Having knowledge of the demographics of thalassemia carrier state in the regions where the control projects are running is of utmost importance and help in identifying endemic zones, changes in prevalence, common variants, effectiveness of the screening and control programme and above all help in formulating health-care, administrative and clinical practice guidelines. In addition, specialized tests like pre-natal screening for mutations can be designed in a much more cost-effective way, to specifically pick up the common mutations or haemoglobin variants in that region. For example, regional differences exist in India and Eastern India with a higher prevalence of HbE than the national average is a case in point.

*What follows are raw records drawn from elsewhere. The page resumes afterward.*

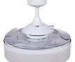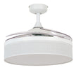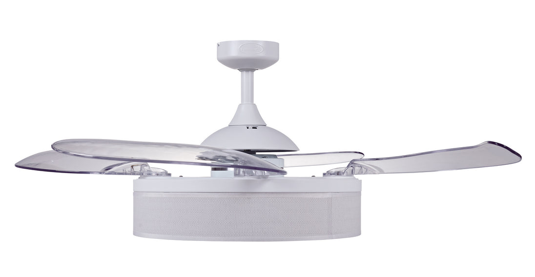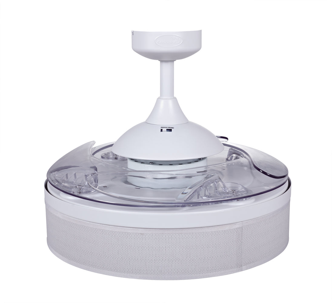 The Australian Original FANAWAY Fraser White with Clear Blades is an advanced ceiling fan with unique aesthetics and energy efficient design. Switched off, the traditionally intrusive fan blades automatically retract and conceal, transforming the unit into a stylish linen drum light pendant. It creates open space in the room environment, accumulates less dust, and is unobtrusive and versatile to visually integrate into all rooms of you home. The fan comes with a dimmable LED light, 3 speed remote control, winter/summer mode and wall mount for you to personalize your experience. The star of this Fanaway design is the light kit which has a hand-crafted white PVC linen shade that is not only beautiful but easy to clean. The frosted acrylic diffuser at the bottom softens the glare of light and guarantees gentler illumination. Additional downrods lengths sold separately: 12``, 24`` and 36`` - 210544120, 210544240, 21044360. US Patent 8317470, US Patent 8807938, US Patent 8790085, US Patent 9255584, US Patent 8851841. Set includes: One (1) ceiling fan with remote control. Material: Metal (fan housing) and PC - Polycarbonate (blades) . Finish: White. Ceiling fan dimensions: 15.75 inches high x 48 inch wide x 48 inches deep. Blade dimensions: 17.7 inches length x 4.1 inches width, Blade color: Transparent. Winter/Summer mode manual switch. Motor size (inch): D153 x 15. Airflow(CFM): 4172.69. Number of speed: 3. Power Consumption Average(wattage): 60. Motor Wattage: 60W. Include 3 x 10W E26 Base A19 LED bulbs included, each bulb 2700K 800LM. Socket: E26, Dimmable. RPM H/M/L (motor speed): 223/163/122. Fan Watts when used at high speed: 60W. Voltage: 110V. Ceiling Fandimensions: 15.75 inches high x 48 inches wide x 48 inches deep. This product will ship to you in one (1) box. Accessories pictured are NOT included. Assembly required.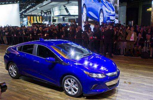 The 2016 Chevrolet Volt hybrid drives on stage at a presentation during the North American International Auto Show, Monday, Jan. 12, 2015, in Detroit. (AP Photo/Tony Ding) The Associated Press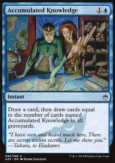 Draw a card, then draw cards equal to the number of cards named Accumulated Knowledge in all graveyards.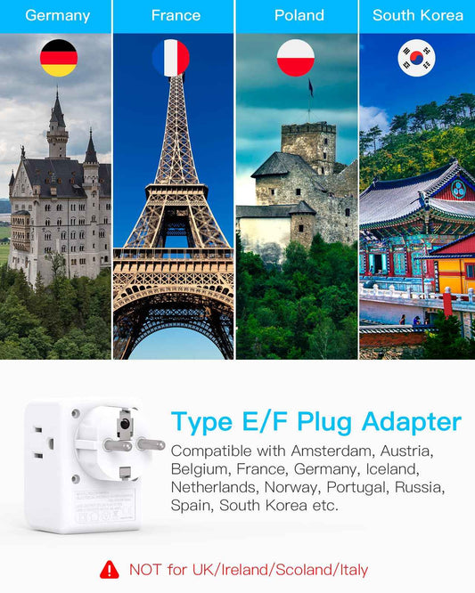 2 Pack Germany France Travel Plug Adapter with 3 Outlets 1 USBA 2 USB C, One Beat Type E/F International Power Adapter, Travel Essentials US to Europe France Germany South Korea Netherlands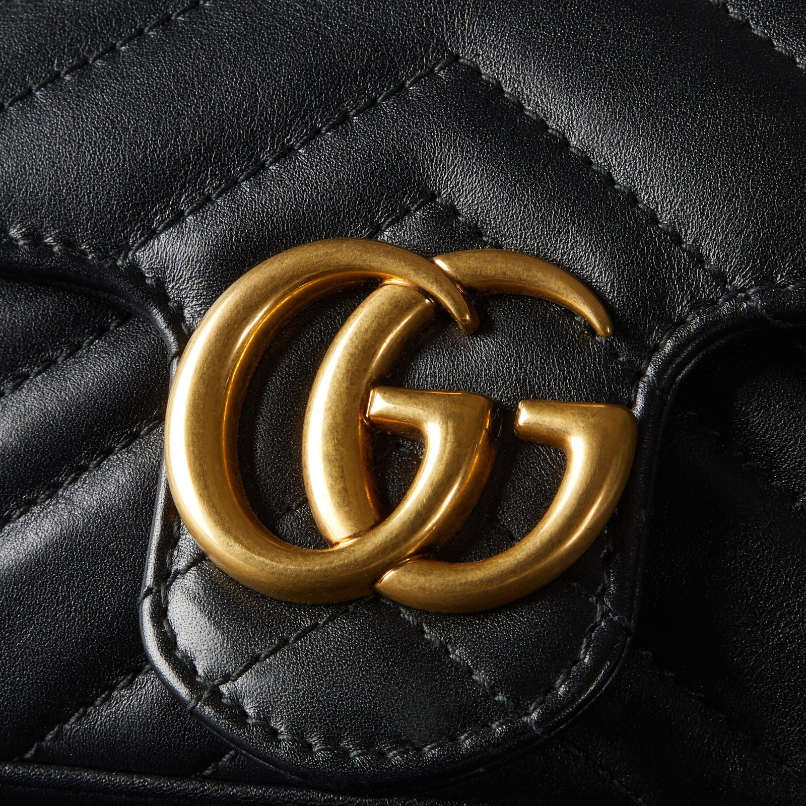 Ce mini sac GG Marmont avec chaîne est doté d’un porte-clés permettant de l’attacher à un sac plus grand. Il possède une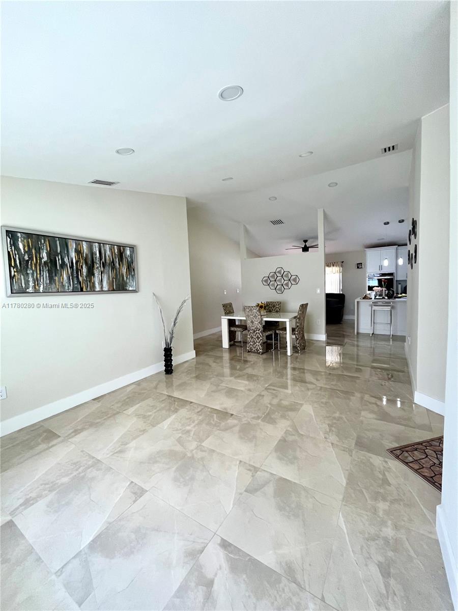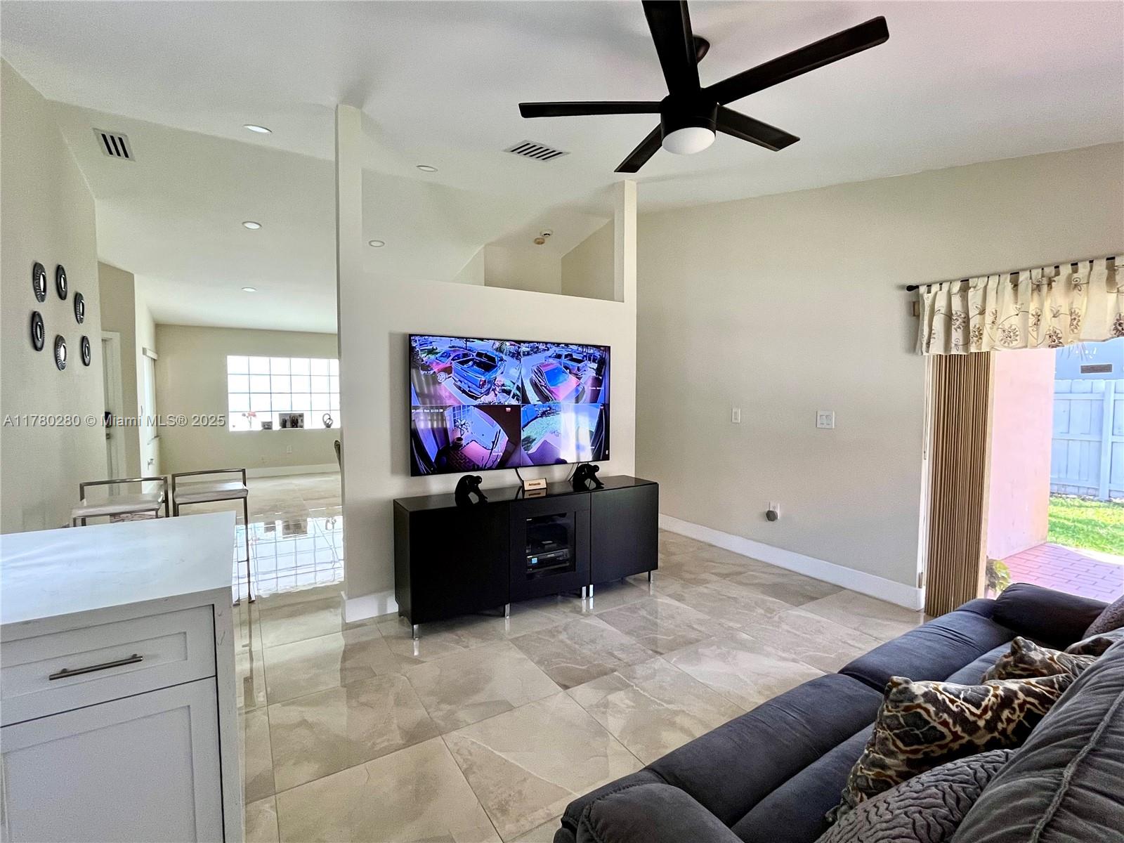 Excellent location! Low HOA includes Internet cable and patrolled security. Home features tile floors throughout, vaulted ceilings, walk-in closet, roof completed in 2022, remodeled kitchen cabinets with quartz tops and new stainless steel appliances. The entire home is protected by accordion shutters. A split floor plan ensures privacy. Conveniently located close to I 75, parks, shops, restaurants, and top rated schools.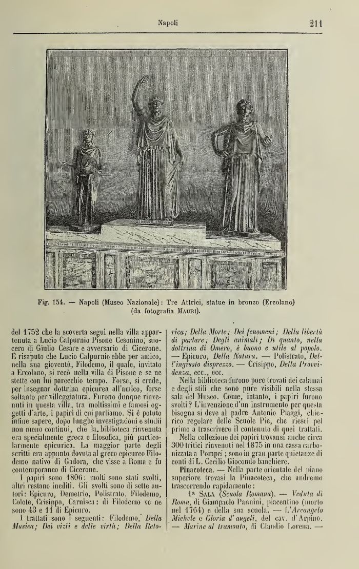 Nella biblioteca furono pure trovali dei calamai e degli stili che sono pure visibili nella slessa sala del Museo. Come, intanto, i papiri furono svolti? L'invenzione.d'un instrumento per questa bisogna si deve al padre Antonio Piaggi, chierico regolare delle Scuole Pie, clic riesci pel primo a trascrivere il conlenulo ili quei trattali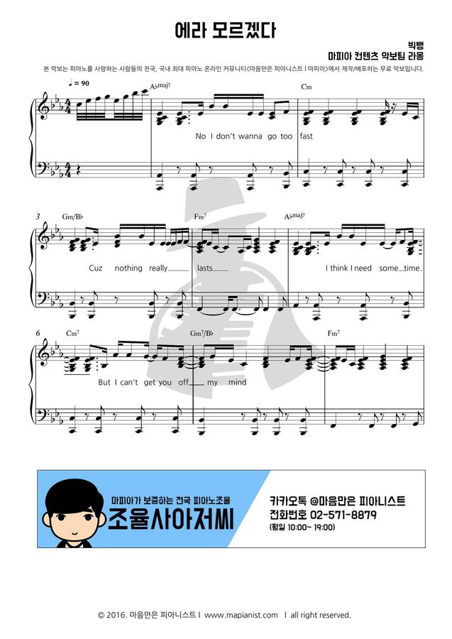 어제 자정 발매된 빅뱅의 '에라 모르겠다' 피아노 편곡 2단 악보입니다.

The only method of eradicating thalassemia is by proper screening and genetic counselling of couples. The future of screening for thalassemia would be to develop a robust computer algorithm (using machine learning and artificial intelligence) which would utilize RBC parameters to distinguish thalassemia carriers from normal individuals with considerable accuracy. Such software could be incorporated within haematology auto-analysers, mobile phone and web-based applications etc. It would be much cheaper than Hb HPLC, and HPLC could then be used only for confirmation of carrier status in the flagged individuals.